In The King Arthur Conspiracy I noted how the change in the calendar affected another major Celtic festival.  Imbolc took place at the start of February, when the goddess appeared in her Maiden guise, the first green shoots were showing and ewes started lactating.  It was a festival of new life, innocence and purity.  With the 12-day shift in the calendar, this festival slipped forward to 14 February - or what we now call Valentine's Day.  There is no connection between St Valentine, an obscure martyr of the third century, and the celebrations of true love on Valentine's Day - they are a relic of the old Imbolc festival.

Similarly, the "Glorious Twelfth" of August, which marks the opening of the grouse-shooting season, recalls the original games of Lughnasadh, which took place on the eve of 1 August.

So what happened to Samhain?  We continue to celebrate the old Day of the Dead at the end of October - only now we call it Halloween.  But this takes no account of the shift in the calendar.  It would be presumptuous to imagine that the ancestral spirits would happily alter the day on which they made themselves present just because we changed the way we calculate the date.

Well, here is where history shows her quirky side.

The Great War of 1914-1918 came to an end on 11 November.  Pretty soon, Armistice Day - as it came to be known - was recognised as the day on which the sacrifice of so much doomed youth was commemorated.  Another name for this occasion is Remembrance Day.  Poppies are worn in remembrance of the young men who were slaughtered in the fields of Flanders.  Those who wear these poppies are probably unaware of their older symbolism.  The blood-red poppies which bloom in cornfields were cut down when the wheat was harvested, and so they became symbolic of the sacrifice of John Barleycorn, the spirit of the grain, which was recalled at the Samhain festival in remembrance of the dead.

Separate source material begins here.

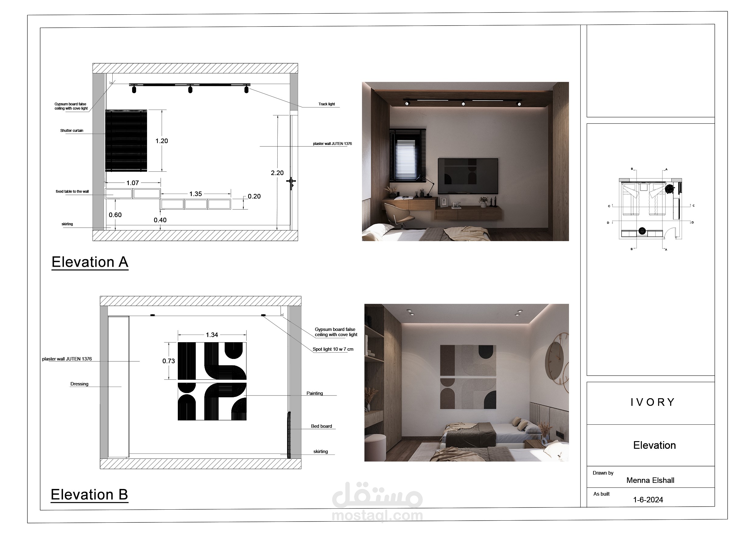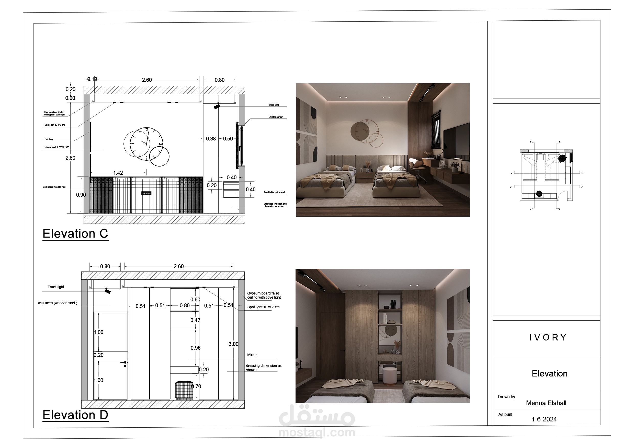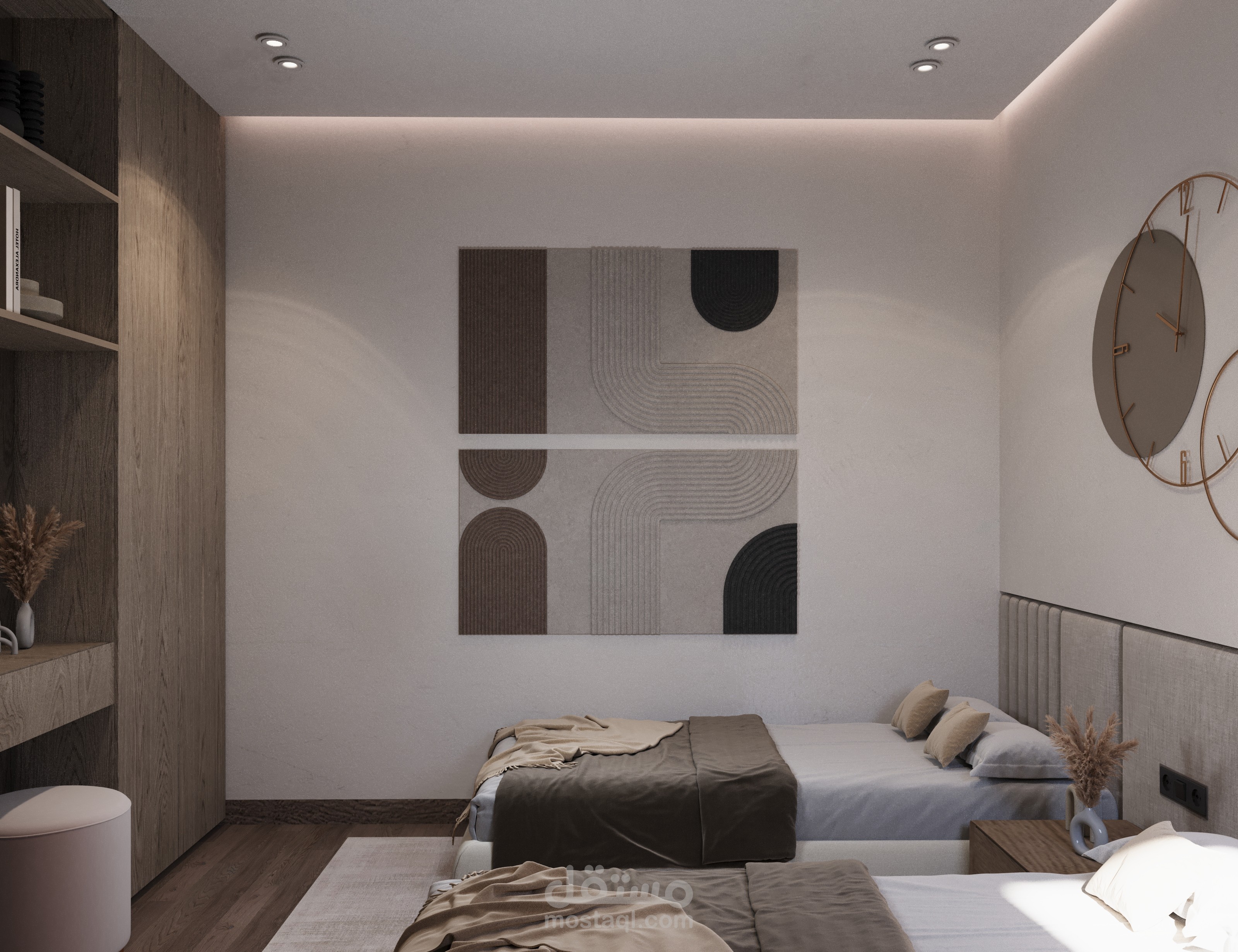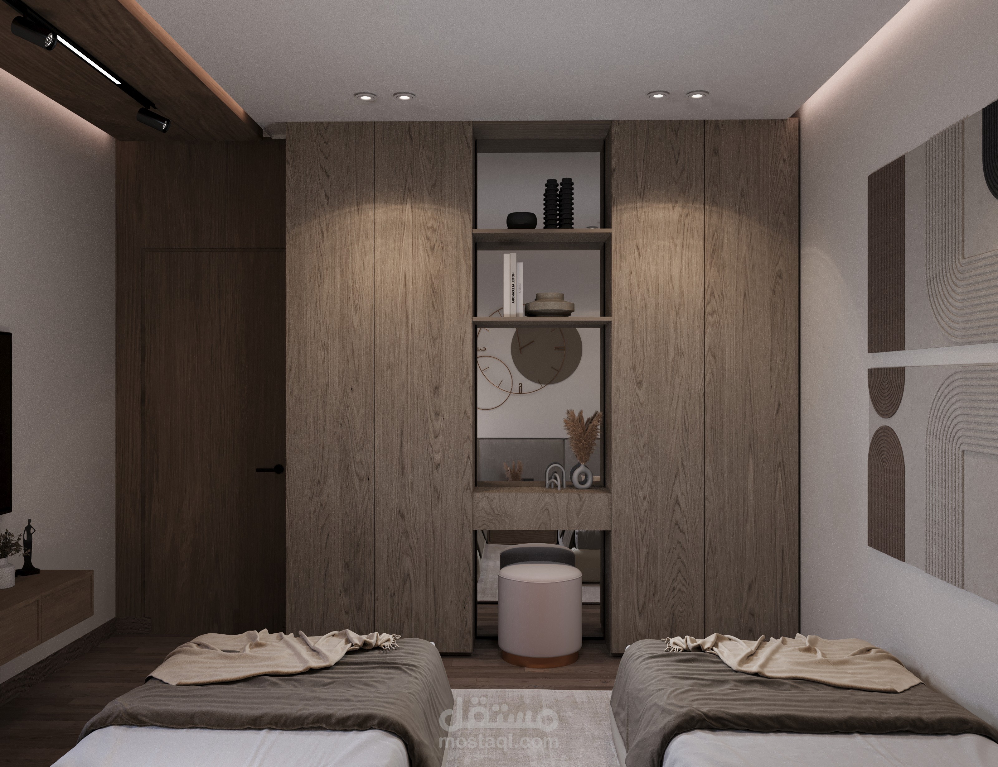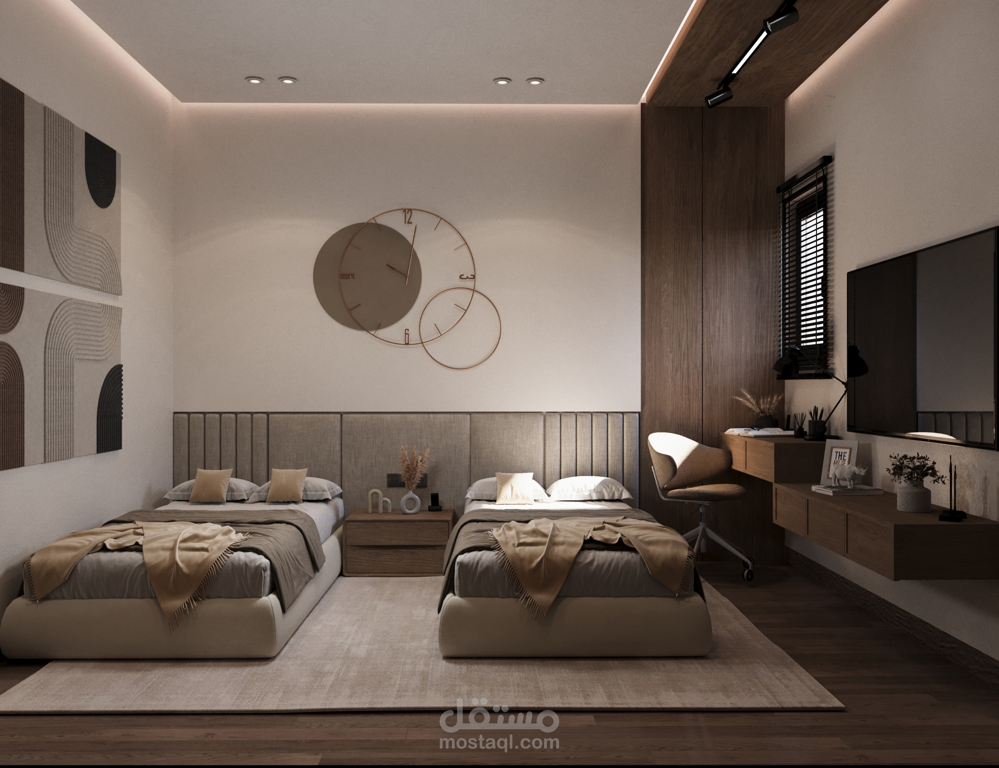 تصميم غرفة مزدوجة مودرن مع وجود الرسومات التنفيذية
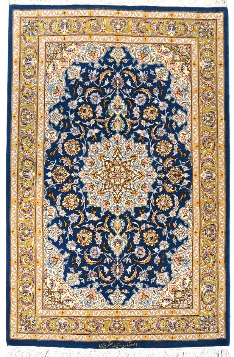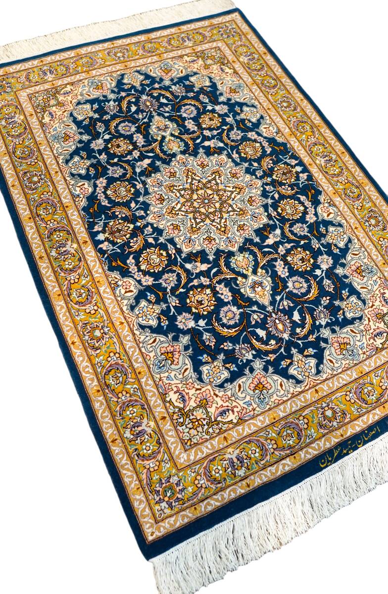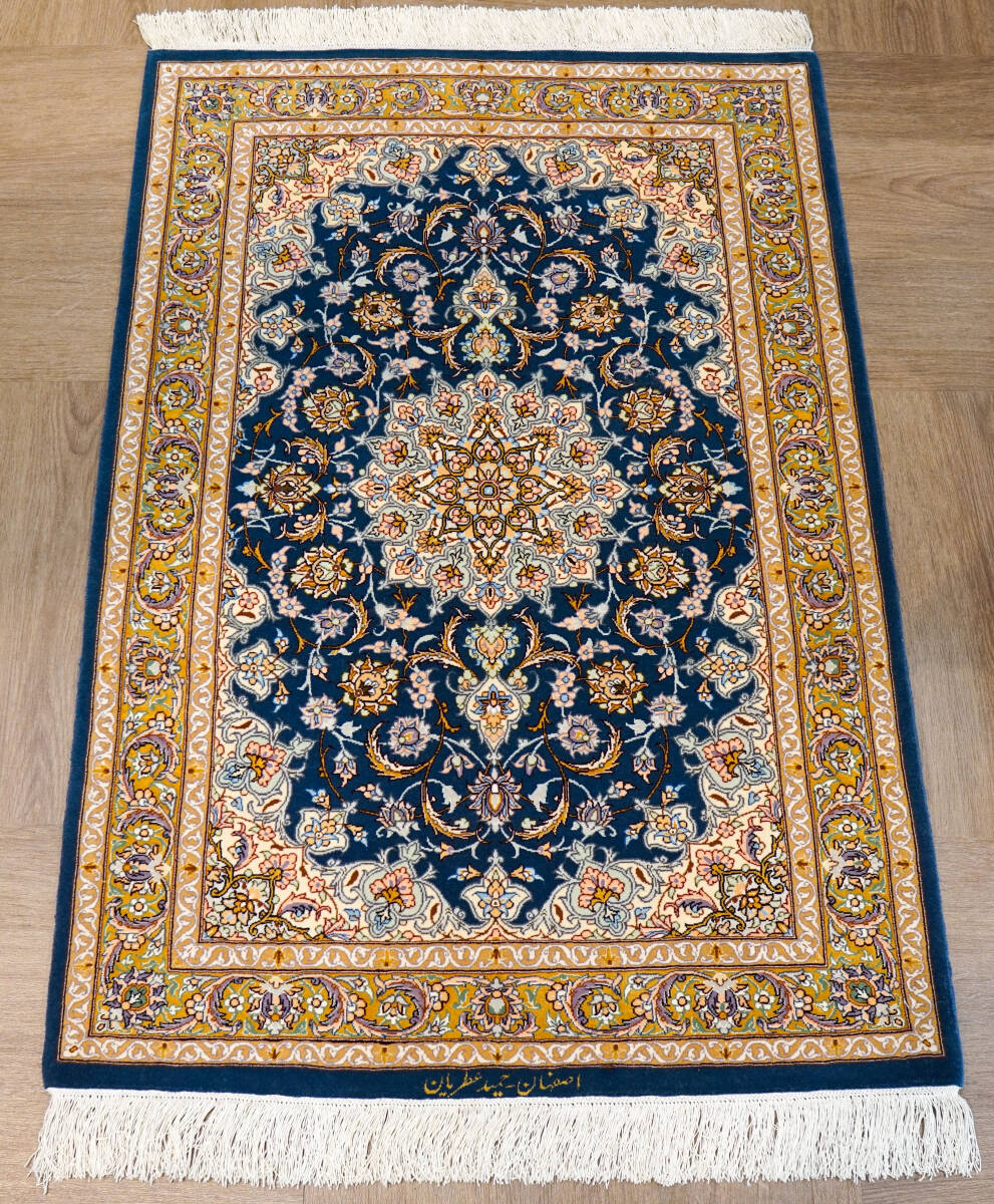 123×85cm ペルシャ手織り絨毯 イスファハン産 アツトリアン房 証明書付

When the Julian Calendar was updated in Britain, being replaced by the Gregorian Calendar, the old Samhain festival would have slipped.  By adding in the twelve days lost in 1752, we can arrive at the true date of Samhain - the original Halloween.  It would have fallen on what today is 11 November - the date which, since 1918, we have recognised as Remembrance Day, a veritable Day of the Dead.

So while it is fine to celebrate the commercialised festival of Halloween on the last day of October, anyone interested in the true moment in the year when the departed are close at hand, when the old year dies away and the new year is born at the start of winter, should look to the Remembrance Day celebrations.  After all, it's fun to dress up as witches, vampires, ghosts and such things.  But the spirits insisted on being commemorated on the proper date - 11 November.  That is the appropriate date for ghost stories.  That always was - and, since the early twentieth century, continues to be the proper Day of the Dead.